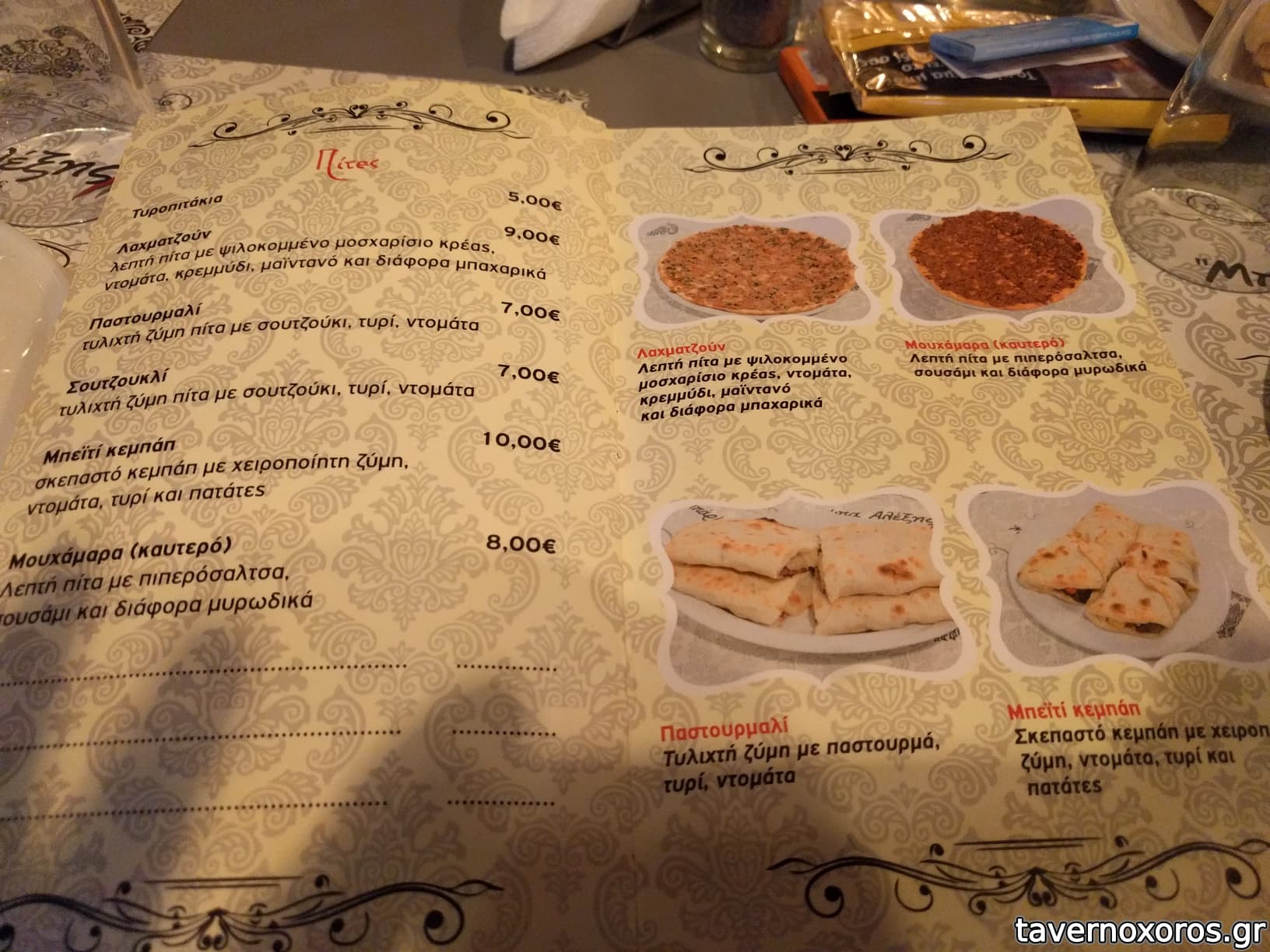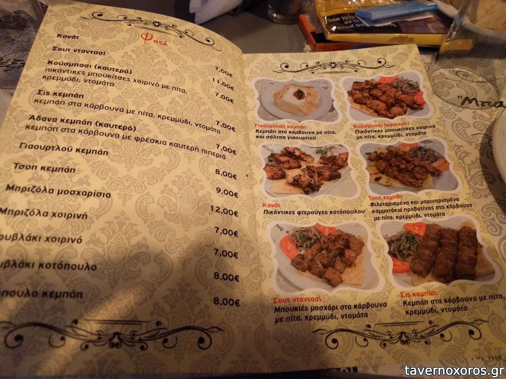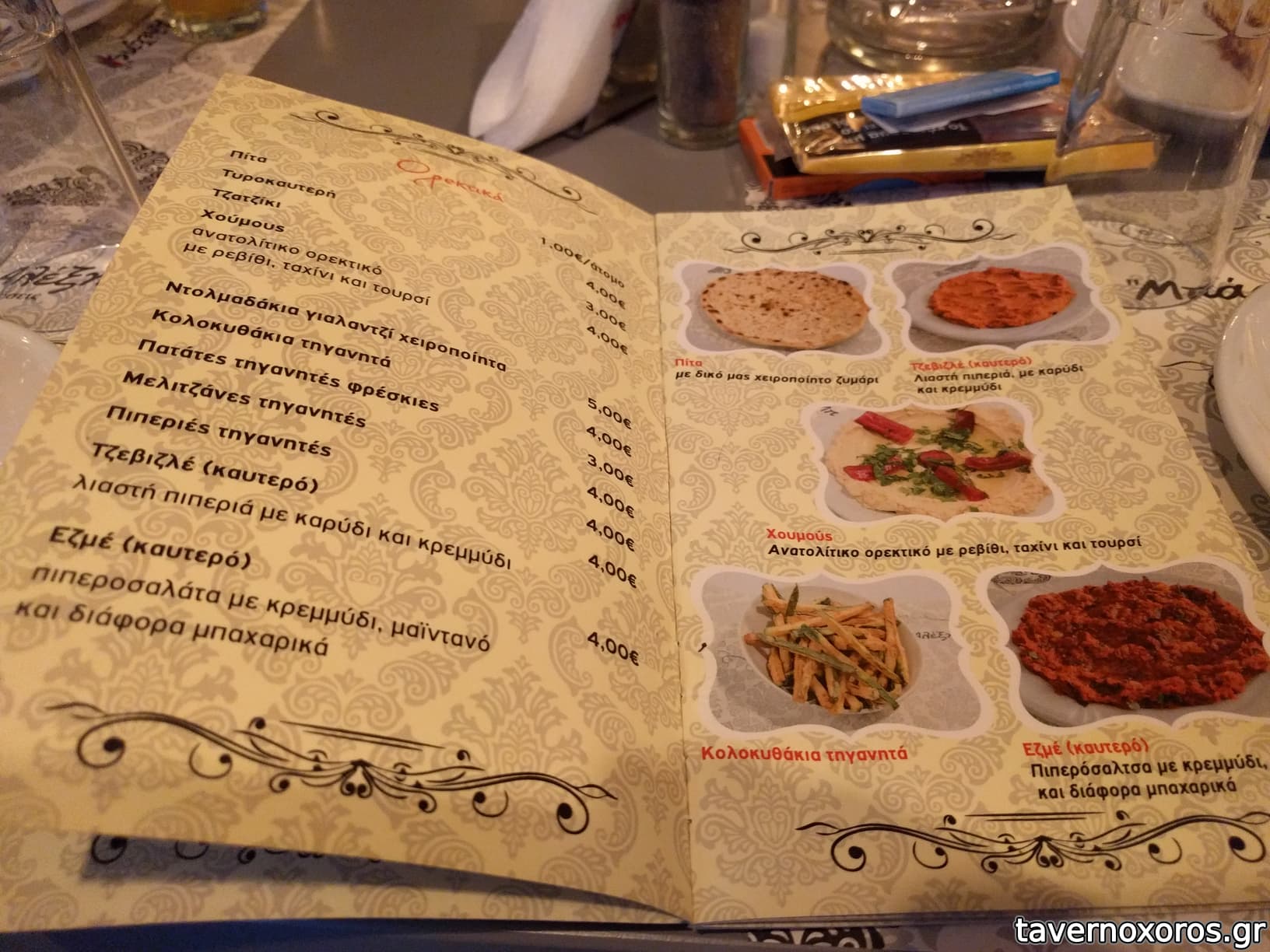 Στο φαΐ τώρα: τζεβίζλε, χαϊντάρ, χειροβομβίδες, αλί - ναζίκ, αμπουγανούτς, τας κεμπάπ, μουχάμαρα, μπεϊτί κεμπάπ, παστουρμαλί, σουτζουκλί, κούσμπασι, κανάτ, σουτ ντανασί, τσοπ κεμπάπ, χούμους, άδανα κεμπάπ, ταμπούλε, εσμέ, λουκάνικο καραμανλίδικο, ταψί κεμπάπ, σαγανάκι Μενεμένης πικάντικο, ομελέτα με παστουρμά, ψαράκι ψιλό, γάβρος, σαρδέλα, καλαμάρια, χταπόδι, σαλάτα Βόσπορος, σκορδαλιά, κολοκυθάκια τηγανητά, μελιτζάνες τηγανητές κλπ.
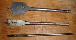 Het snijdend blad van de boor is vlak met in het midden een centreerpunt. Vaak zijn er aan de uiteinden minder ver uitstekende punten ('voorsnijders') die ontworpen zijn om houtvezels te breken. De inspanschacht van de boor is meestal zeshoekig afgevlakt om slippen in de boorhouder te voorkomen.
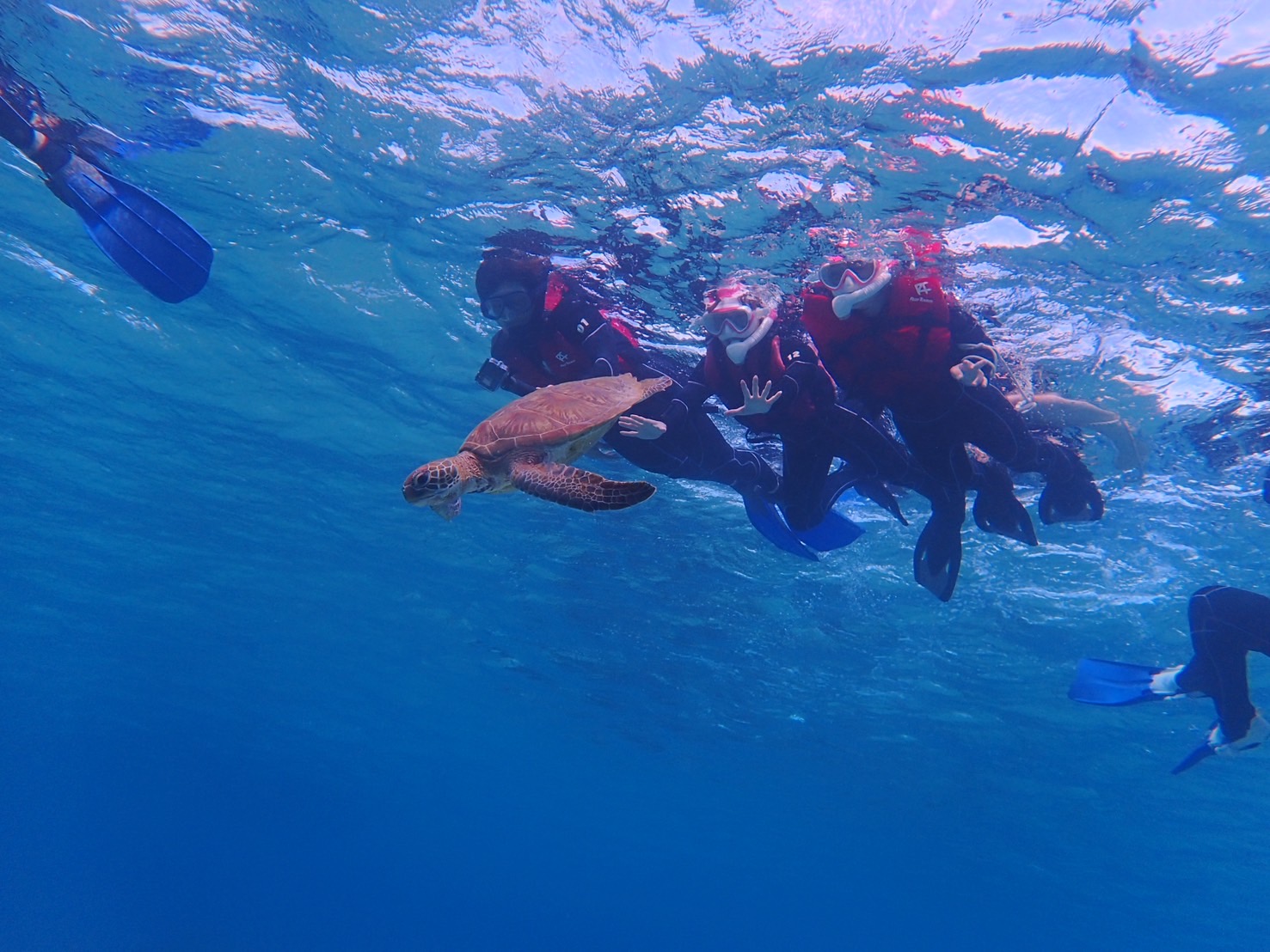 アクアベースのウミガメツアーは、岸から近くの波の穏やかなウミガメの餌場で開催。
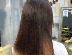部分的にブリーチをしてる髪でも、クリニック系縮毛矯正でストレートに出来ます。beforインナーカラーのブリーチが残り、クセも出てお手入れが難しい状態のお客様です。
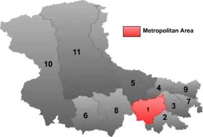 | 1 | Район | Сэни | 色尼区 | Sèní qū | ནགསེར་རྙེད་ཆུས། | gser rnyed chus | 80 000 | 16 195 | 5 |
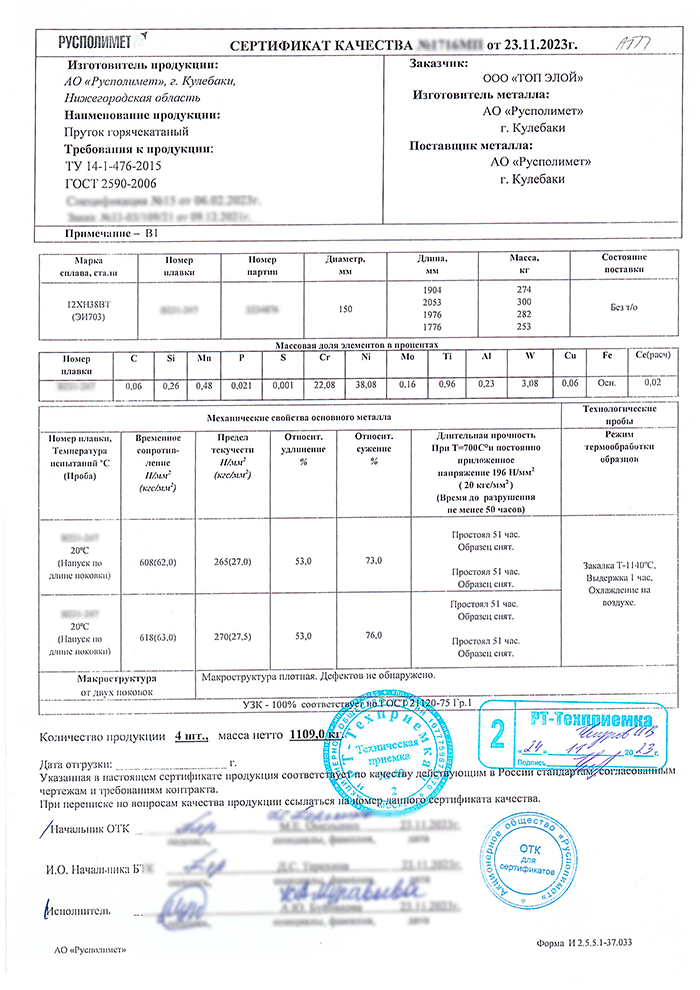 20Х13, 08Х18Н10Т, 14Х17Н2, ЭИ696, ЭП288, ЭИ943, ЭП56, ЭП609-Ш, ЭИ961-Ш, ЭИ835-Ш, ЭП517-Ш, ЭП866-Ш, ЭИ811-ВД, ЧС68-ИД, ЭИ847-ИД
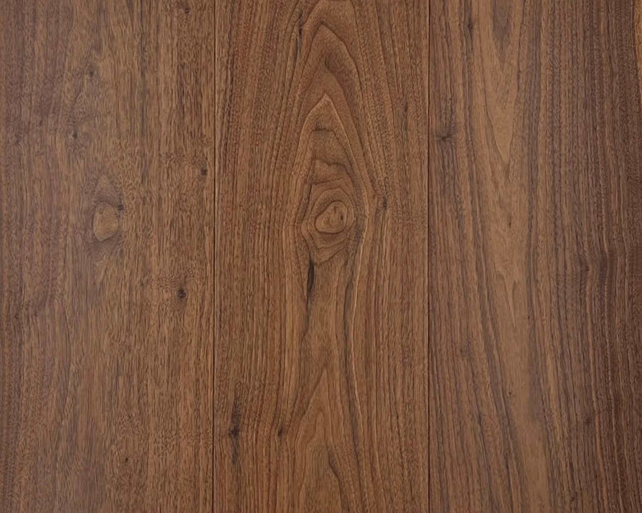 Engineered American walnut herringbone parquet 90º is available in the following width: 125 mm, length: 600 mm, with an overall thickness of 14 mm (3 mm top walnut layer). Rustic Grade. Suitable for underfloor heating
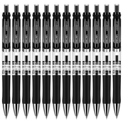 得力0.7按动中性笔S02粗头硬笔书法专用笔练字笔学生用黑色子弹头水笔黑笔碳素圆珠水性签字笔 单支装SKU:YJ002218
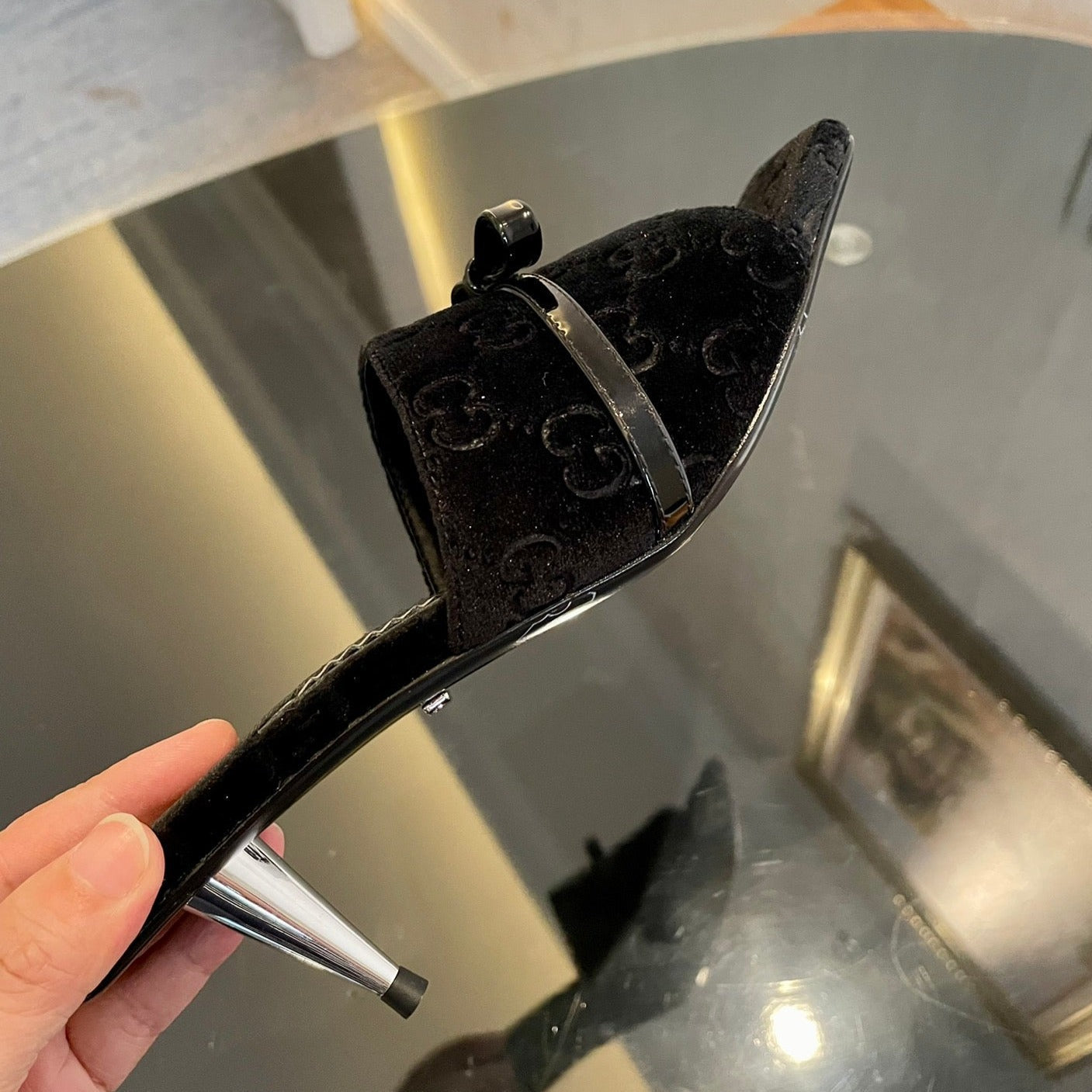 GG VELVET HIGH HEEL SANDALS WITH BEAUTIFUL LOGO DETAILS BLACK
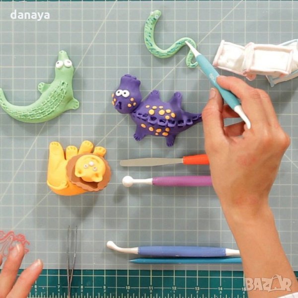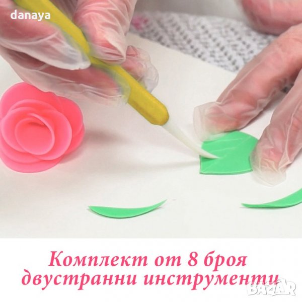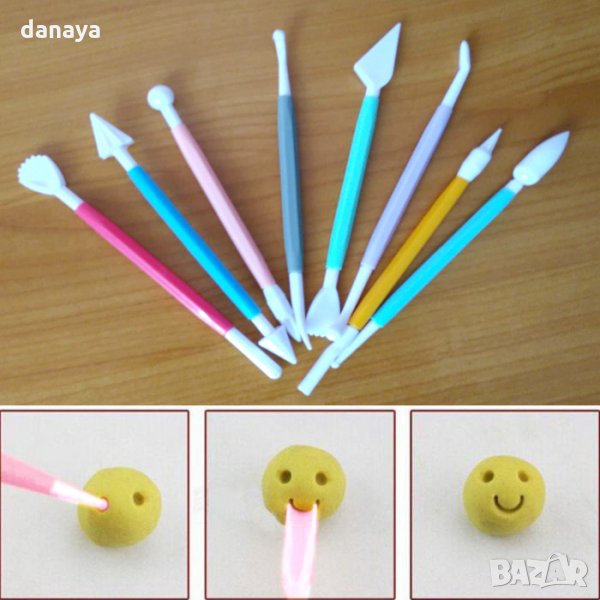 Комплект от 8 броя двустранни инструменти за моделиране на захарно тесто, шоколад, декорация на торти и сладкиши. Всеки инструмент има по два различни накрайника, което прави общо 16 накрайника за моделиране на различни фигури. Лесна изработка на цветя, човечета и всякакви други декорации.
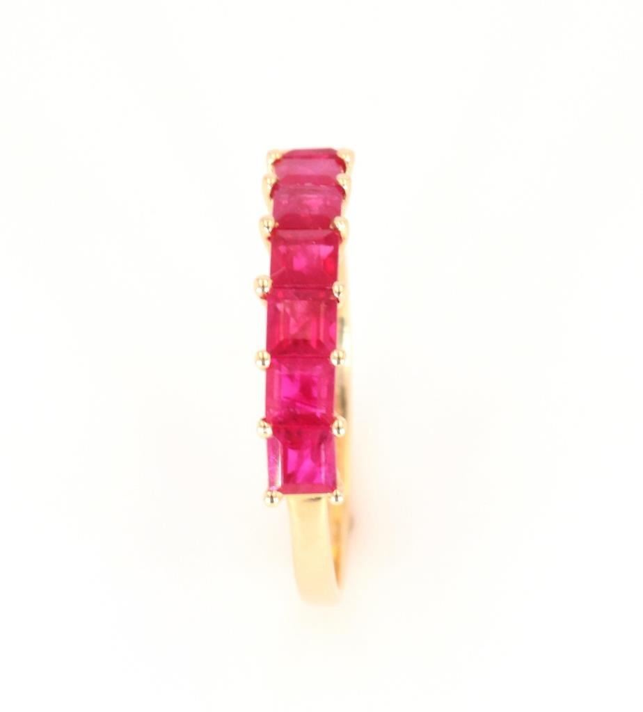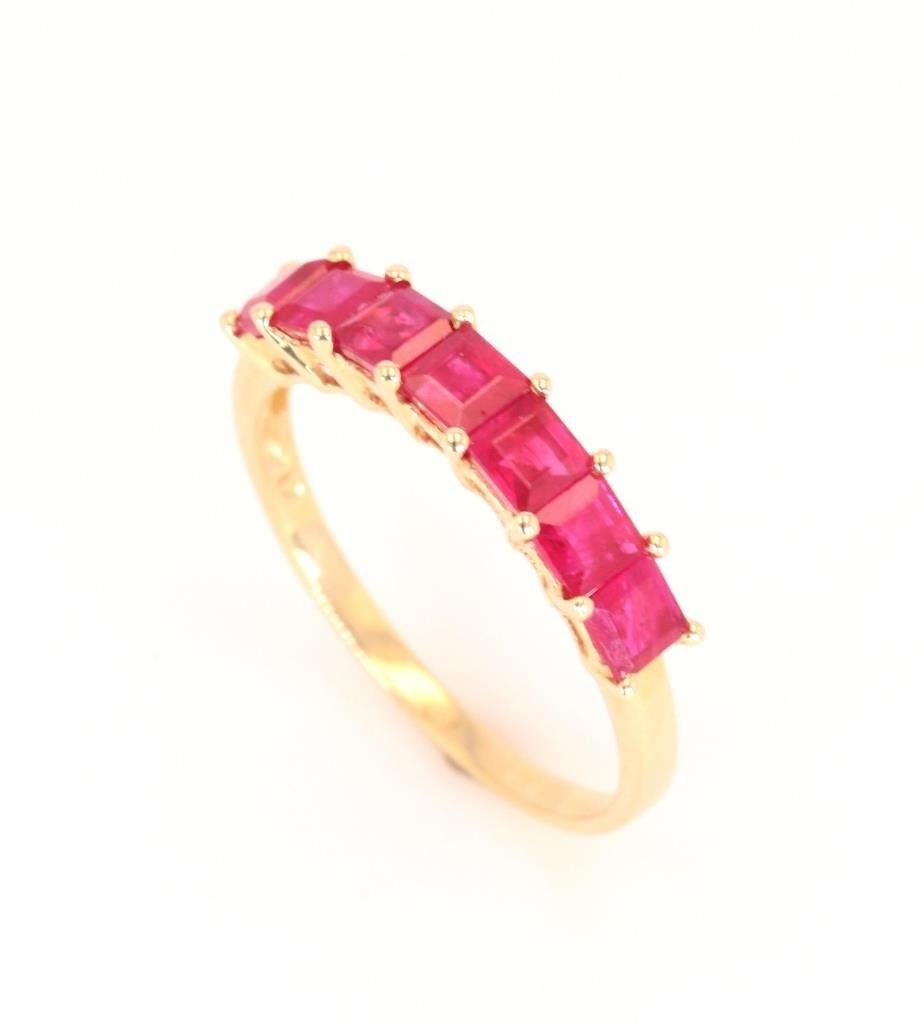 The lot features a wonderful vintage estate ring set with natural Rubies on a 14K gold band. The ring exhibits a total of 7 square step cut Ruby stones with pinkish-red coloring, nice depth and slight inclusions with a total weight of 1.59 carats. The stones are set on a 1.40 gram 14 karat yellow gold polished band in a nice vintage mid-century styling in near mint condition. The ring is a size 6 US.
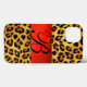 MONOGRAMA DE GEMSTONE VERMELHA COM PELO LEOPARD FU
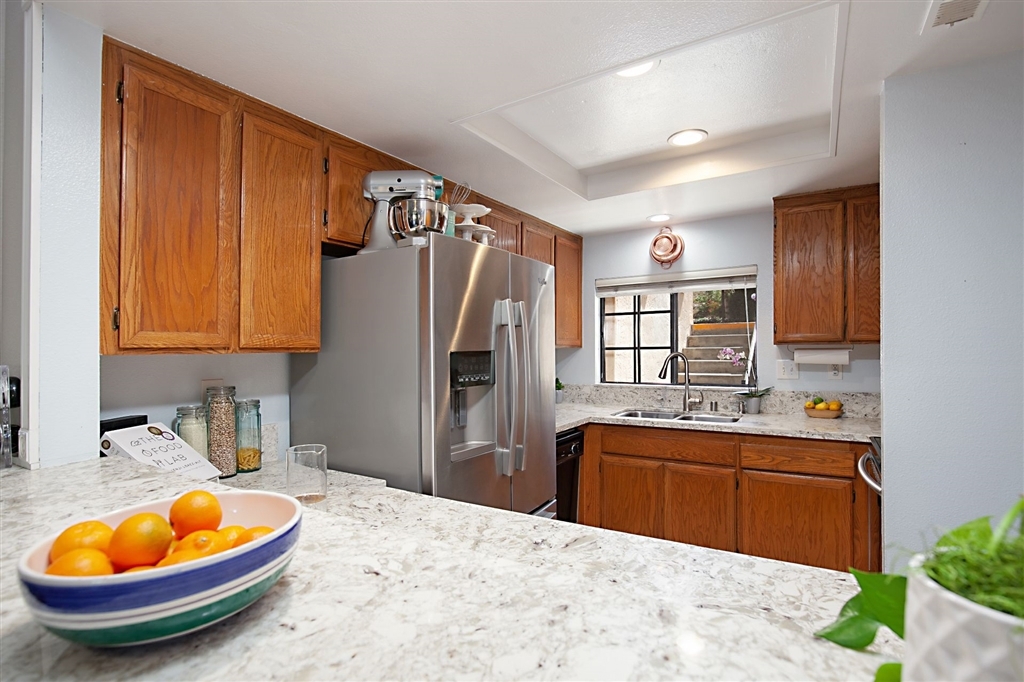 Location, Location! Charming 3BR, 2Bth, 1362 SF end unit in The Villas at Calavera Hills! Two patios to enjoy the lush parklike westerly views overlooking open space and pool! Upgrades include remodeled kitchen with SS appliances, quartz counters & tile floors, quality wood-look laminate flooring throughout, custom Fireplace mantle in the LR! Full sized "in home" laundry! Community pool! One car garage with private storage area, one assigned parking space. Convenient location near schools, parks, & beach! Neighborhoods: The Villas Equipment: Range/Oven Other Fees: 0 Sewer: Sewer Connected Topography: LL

■ **TASK DESCRIPTION**
Word for word, write out the lines above running from the one with "16 195 | 5 |" up to and including the one with "ЭИ811-ВД, ЧС68-ИД, ЭИ847-ИД". Drop any picture.

■ **REPLY TO THE EXERCISE**
 | 1 | Район | Сэни | 色尼区 | Sèní qū | ནགསེར་རྙེད་ཆུས། | gser rnyed chus | 80 000 | 16 195 | 5 |
 20Х13, 08Х18Н10Т, 14Х17Н2, ЭИ696, ЭП288, ЭИ943, ЭП56, ЭП609-Ш, ЭИ961-Ш, ЭИ835-Ш, ЭП517-Ш, ЭП866-Ш, ЭИ811-ВД, ЧС68-ИД, ЭИ847-ИД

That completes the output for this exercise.